Deficits in the application of optimal ACS care occur in the prehospital, inhospital and postdischarge periods. The case studies outlined in Box 2 highlight some of these contemporary issues.
In the first case study, Mr T experienced delays in presentation to hospital and in the performance and interpretation of the electrocardiogram (ECG), which significantly delayed time to reperfusion. Australian evidence suggests that patients with STEMI wait a median time of 100 minutes before seeking medical attention, and this delay has not changed since it was first described in the early 1990s. A significant proportion of patients with STEMI do not receive timely reperfusion after presentation to hospital (within 90 minutes of presentation for PCI, and 30 minutes for fibrinolysis).27 Overcrowding of emergency departments and access block can contribute to this delay.28 This means there is a median delay from symptom onset to reperfusion exceeding 190 minutes for patients receiving PCI and 130 minutes for those receiving fibrinolysis — times well beyond the threshold for the development of significant irreversible myocardial necrosis.

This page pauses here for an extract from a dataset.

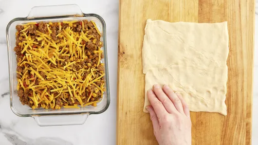 var configuration = {"title":"Taco Crescent Casserole (Cooking for Two)","introduction":"Taco casserole with crescent rolls? It\u0027s a sure hit! If you\u0027re craving classic comfort food, this beefy, cheesy Tex-Mex bake delivers. It\u0027s a simple, well-rounded dinner that\u0027s hot and ready to enjoy in just 45 minutes—and you\u0027d never guess this crescent roll taco casserole is loaded with fresh veggies!","servingSize":"1 Serving","image":{"small":{"media":"(min-width: 0px)","src":"https://mojo.generalmills.com/api/public/content/2FXmkDTYfkaD5v2Pb44UuA_webp_base.webp?v=e6b4e5b4\u0026t=e724eca7b3c24a8aaa6e089ed9e611fd"},"medium":{"media":"(min-width: 500px)","src":"https://mojo.generalmills.com/api/public/content/2FXmkDTYfkaD5v2Pb44UuA_webp_base.webp?v=e6b4e5b4\u0026t=191ddcab8d1c415fa10fa00a14351227"},"large":{"media":"(min-width: 767px)","src":"https://mojo.generalmills.com/api/public/content/2FXmkDTYfkaD5v2Pb44UuA_webp_base.webp?v=e6b4e5b4\u0026t=191ddcab8d1c415fa10fa00a14351227"},"alt":"Taco Crescent Casserole (Cooking for Two)"},"contributor":{"label":"By","name":"Pillsbury Kitchens","profileUrl":"/about-us","displayDate":{"label":"Updated","date":"Apr 21, 2023"}},"ingredientGroups":[{"ingredients":[{"quantity":"1","description":"lb ground beef (at least 80% lean)"},{"quantity":"1/4","description":"cup chopped onion"},{"quantity":"1/4","description":"cup chopped red bell pepper"},{"quantity":"1","description":"can (7 oz) corn, drained"},{"quantity":"1","description":"can (4 oz) Old El Paso™ Chopped Green Chiles"},{"quantity":"1","description":"packet (1 oz) Old El Paso™ Original Taco Seasoning Mix"},{"quantity":"1/3","description":"cup water"},{"quantity":"3/4","description":"cup shredded cheddar cheese (3 oz)"},{"quantity":"1","description":"can (4 oz) refrigerated Pillsbury™ Original Crescent Rolls (4 Count)","productLink":"/products/crescents/original-4-count"}]}],"steps":[{"description":"Heat oven to 375°F. Spray 8-inch square (2-quart) glass baking dish with cooking spray. In 10-inch nonstick skillet, cook beef, onion and bell pepper over medium-high heat 6 to 8 minutes, stirring occasionally, until beef is no longer pink; drain.","stepShotImageUrl":"//mojo.generalmills.com/api/public/content/i1w7XrnPuUe6cnI8so7bFA_webp_base.webp?v=50aa3add\u0026t=51a43a57af4046789e5a7f20567b1195"},{"description":"Stir corn, green chiles, taco seasoning mix and water into beef mixture in skillet. Heat to simmering over medium heat. Simmer 3 to 4 minutes, stirring occasionally, until slightly thickened. Spoon into baking dish. Top beef mixture with 1/2 cup of the cheese.","stepShotImageUrl":"//mojo.generalmills.com/api/public/content/nvHiEhUY0kqJnmadoe2H6Q_webp_base.webp?v=0f05b6c2\u0026t=51a43a57af4046789e5a7f20567b1195"},{"description":"Unroll dough; separate into two 6x4-inch rectangles. Place one rectangle next to the other to create a 6x8-inch rectangle. Press seams together and press out to create an 8-inch square. ","stepShotImageUrl":"//mojo.generalmills.com/api/public/content/VeZFwbN9oUmEHAvRJf-p3Q_webp_base.webp?v=f1f27d3f\u0026t=51a43a57af4046789e5a7f20567b1195"},{"description":"Place dough in baking dish on top of cheese layer, and tuck in edges. Top with remaining 1/4 cup cheese. Bake 16 to 20 minutes or until deep golden brown and crescent is baked through.","stepShotImageUrl":"//mojo.generalmills.com/api/public/content/gvzq6fTDbE60FrI5_VSYtw_webp_base.webp?v=dc91456a\u0026t=51a43a57af4046789e5a7f20567b1195"}],"tips":[{"title":"","description":"Top taco crescent roll casserole with fresh cilantro, shredded lettuce, chopped tomatoes, sliced ripe olives, taco sauce or salsa.","category":"Presentation/Garnish","tipShots":[]},{"title":"","description":"For an even heartier meal, serve taco crescent roll casserole with prepared Spanish rice or plain white rice.","category":"Serving Suggestions/Menu","tipShots":[]},{"title":"","description":"Like a little heat? Substitute shredded pepper Jack cheese for the cheddar.","category":"Substitution","tipShots":[]},{"title":"","description":"Kitchen Tested: 4/2023.","category":"Kitchen Tested","tipShots":[]}],"kitchenTips":[{"title":"","description":"Top taco crescent roll casserole with fresh cilantro, shredded lettuce, chopped tomatoes, sliced ripe olives, taco sauce or salsa.","category":"Presentation/Garnish","tipShots":[]},{"title":"","description":"For an even heartier meal, serve taco crescent roll casserole with prepared Spanish rice or plain white rice.","category":"Serving Suggestions/Menu","tipShots":[]},{"title":"","description":"Like a little heat? Substitute shredded pepper Jack cheese for the cheddar.","category":"Substitution","tipShots":[]}],"additionalContent":[],"faq":[],"tipCategories":[{"categoryName":"Kitchen Tested","heading":"More About This Recipe","cssClass":"recipePartStory","expandOnInit":false,"expandText":"More +","collapseText":"Less -","expandEventName":"","collapseEventName":"","image":"","tips":[{"title":"","description":"Kitchen Tested: 4/2023.","category":"Kitchen Tested","tipShots":[]}],"isExpandable":false}],"nutritionInfo":{"configuration":{"showAsTable":false,"noNutritionInformationAvailableMessage":"No nutrition information available for this recipe","poweredByText":"\u003cp\u003eNutrition information for this recipe is estimated using a leading nutrition calculation application, but is an estimate only. Actual nutrition values will vary based on the exact ingredients or brands you may use.\u003c/p\u003e\n\u003ca href=\u0022http://developer.edamam.com\u0022\u003ePowered By \u003cimg src=\u0022-/media/C4F33FD467AB4A3AB59AAC4F6306AB04.ashx\u0022 alt=\u0022Edamam\u0022 /\u003e\u003c/a\u003e","nutritionChartTitle":"Nutrition Facts","nutritionInformationLabel":"Nutrition","servingSizeText":"Serving Size:","dailyValuesDisclaimer":"*Percent Daily Values are based on a 2,000 calorie diet.","percentDailyValueText":"% Daily Value","percentDailyValueFooterTitleText":"% Daily Value*:","exchangeInfo

Of equal concern is that about 30%–40% of all patients with STEMI receive no reperfusion therapy.3 It has been estimated that increasing the numbers of patients treated with reperfusion therapy would save 270 lives per 10 000 patients with STEMI.6
If Mr T had been transferred to a PCI-capable centre within 24 hours after receipt of fibrinolytic therapy, he could have had early angiography, which would likely have prevented his recurrent myocardial infarction. Similarly, had Mrs D been recognised as being at high risk of a recurrent event, she could have received earlier coronary angiography. There are well validated bedside tools29 that predict the likelihood of inhospital events and guide the application of appropriate management. However, these tools are rarely applied in Australian hospitals. There is also geographical heterogeneity in the provision of coronary angiography for ACS patients in Australia.30 Where access to coronary angiography is available, risk-averse physician behaviour is observed, whereby the highest-risk patients with the most to gain from invasive management are the least likely to receive it.31 Clinicians select therapy on the basis of acute risk factors (ECG changes and troponin level elevation), while patients accumulating chronic risk factors are less likely to receive evidence-based therapies.32
Mr T was discharged with suboptimal secondary prevention therapies, some written information and a letter for his general practitioner. At the time of discharge, there was no strategy for ensuring he complied with these instructions.
A 2005–2007 Australian audit showed that only a minority of patients with ACS received all five guideline-recommended secondary prevention treatments at hospital discharge.33 Although there have been some improvements, gaps remain3 and there is a lack of recognition of this problem by clinicians. Australian general practice surveys show that only half of patients with established CHD take recommended treatments.34 Only about a third of patients adhere to recommendations on diet, exercise and smoking, and participation rates in cardiac rehabilitation programs are as low as 10%–30%.35
Failure to follow guidelines can result in errors of commission, as well as errors of omission. Mrs D continued taking “triple therapy” (warfarin and two antiplatelet agents) for 18 months after coronary stenting. Current recommendations minimise the duration of this combination therapy to reduce the risk of bleeding.36 The fact that this did not occur further illustrates the lack of fluidity between tertiary and primary care.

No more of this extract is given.